Behind the stream on our property is a forest so we get our share of wildlife in the backyard including foxes, hawks, skunks and possums. Among our most frequent visitors are whitetail deer who find enough tasty vegetation around the stream that they have left the ornamental plants around our house alone — for the most part.
Over 26 years, I’ve seen deer in the back yard hundreds of times — but never once in the front yard. So imagine my surprise when a big buck was standing in my driveway in the front of the house as I drove up at dusk one day last week. Had I been just a little less attentive, we might be eating venison for New Year’s Day.
Here’s the funny thing: Ever since then, I’ve found myself subconsciously wary of hitting a deer as I approach my house. The recent event of almost hitting a deer after 26 years of never seeing one in front yard has become a noticeable bias (hopefully, a short-term one).
The same thing happens to traders and investors in the financial markets. Recency bias is the tendency in our decision making which causes us to overweigh the events that happened last. Today, let’s look at the seasonal tendency called The Santa Claus Rally and make sure we don’t let recency bias cloud our judgment.
Vetting Seasonal Patterns
A seasonal tendency has to pass two hurdles in order for me to incorporate it into my financial decision making: it has to show statistical validity, AND it has to have fundamental support to back it up.
In the past, I’ve shared my analysis on many seasonal patterns using these criteria in Tharp’s Thoughts articles. There have been those that work (e.g. Six Best Months, January Effect) and those that just plain don’t work (e.g. the January Effect and the “First Five Days” indicator which I dissected here: January’s First Five Days Indicator—Forewarned is Forearmed,
and here: January As a Barometer:
Things Are Not Always What They Seem).
Let’s revisit the Santa Claus Rally today to see why it is on my seasonal pattern watch list every year.

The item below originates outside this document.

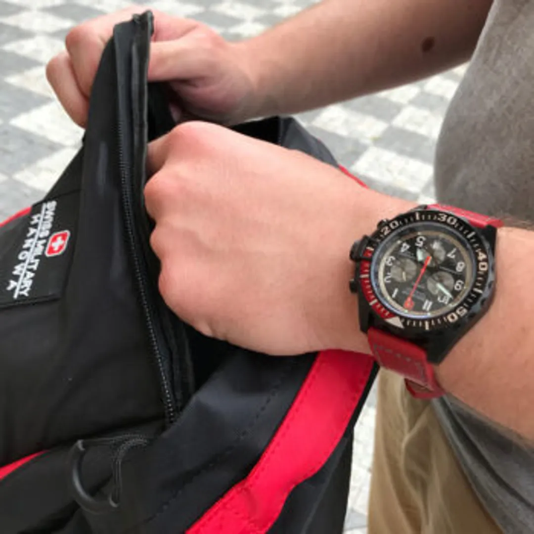 Эти смелые карбоновые часы с кварцевым механизмом, сапфировым стеклом и водонепроницаемостью 100 метров идеально подходят искателю приключений. Носите их в путешествиях или используйте, чтобы подчеркнуть любой повседневный или полуформальный наряд!

Santa Claus Rally Statistics
In their ubiquitous Stock Trader’s Almanac, Hirsch and Hirsch explored why end of year trading has a directional tendency and they proposed the Santa Claus indicator (they also provided the quote above).
The Santa Claus indicator is pretty simple. It looks at market performance over a seven day trading period — the last 5 trading days of the current trading year and the first two trading days of the New Year. What we find are some compelling stats.
Since 1969, this seven day period has returned positive results in 34 out of 45 years for a 76% win rate and an average gain of 1.6%. Looking back another 20 years shows that the seasonal move holds up with a similar percentage of wins but a modestly reduced average gain.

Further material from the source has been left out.